Nowadays, 35 years later, I am hearing more and more people aiming for above $3,000,000 (not including their property) before they are confident of a good and worry free retirement while living a $7,000 a month lifestyle.

With $3,000,000 invested at a conservative 4% return, that would provide $120,000 pa. And with 3% inflation, and a $7,000 a month lifestyle, the $3,000,000 will last about 35 years!

It is understandable why people want to build up more wealth before they consider retirement. Its about wanting a worry free retirement where you should living life and not having to count every cent you spent, and getting stressed and being jealous about others.

But can you live that long after retirement? 3 mil?

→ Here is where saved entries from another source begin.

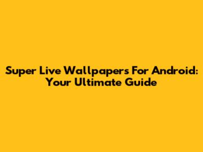 Super Live Wallpapers For Android: Your Ultimate Guide
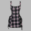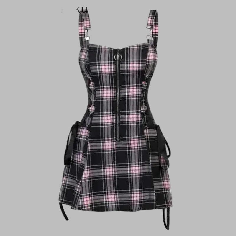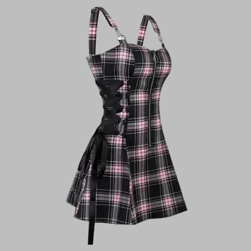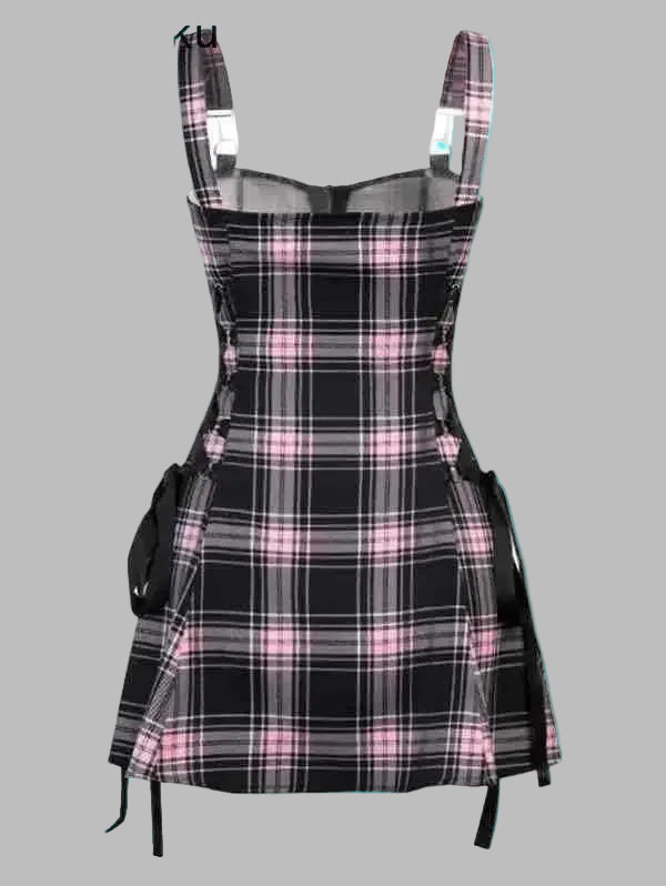 Punkternetkjole i lyserødt tern med seler og bånd
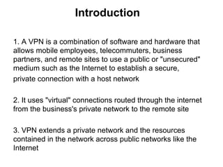 Virtual Private Networks (VPN) allow secure connections over public networks like the Internet. VPNs use encryption to create "virtual private tunnels" between devices. This allows remote users to access resources on a private network as if they were directly connected. There are two main types - remote access VPNs for individual users and site-to-site VPNs to connect multiple office locations. VPNs work by encapsulating data packets within encrypted "tunnels" to securely transmit them between endpoints across public networks while maintaining privacy and security.

Unregistered 12-11-2017 12:31 AM

That little extra $$ does not hurt
 
Its a fine line between greed and wanting a margin of safety.

I can understand people who want to have margin of safety in their lives, for eg. when they pick a stock, they would prefer to buy an undervalued stock as opposed to an overpriced one. For retirement planning, it is also prudent to plan with sufficient margin of safety. The variables that can affect your planning are:

1. Longevity- we really dont know how long we will live, so best to plan for worst case (100?)
2. Inflation - Singapore has ever experienced inflation at 6 to 8 % before, so it can happen again
3. Medical emergencies- this can happen anytime
4. Lifestyle inflation - sometimes we just have to keep up with the times. I used to use a 2G phone but now I cannot do without a smart phone. Correspondingly, my phone bill went up from $14 pm to $40 pm.
5. Unknown unknowns. Retirement is a long term affair. There is a lot of things that can crop up and screw up our best laid plans.

Many things in life we have no control over, but at the very least, we should prepare and build up sufficient funds and safety margins.

Dont be afraid of being accused of being greedy when you are just building a bigger safety margin for yourself and your family.

For eg, I estimated I will need $3,000,000 to sustain 35 years of retirement for two of us. When I plan, I will put in a 100% safety margin and aim for $6,000,000.

Too much!? If it can be done, and if it brings peace of mind for the rest of my life, why not. That little extra $$ wont hurt!

Unregistered 12-11-2017 02:30 PM

Lust and greed knows no limit. Don't waste time arguing with such people.

If you need $6m to retire, then 99.9% of Singaporeans cannot retire. You fool.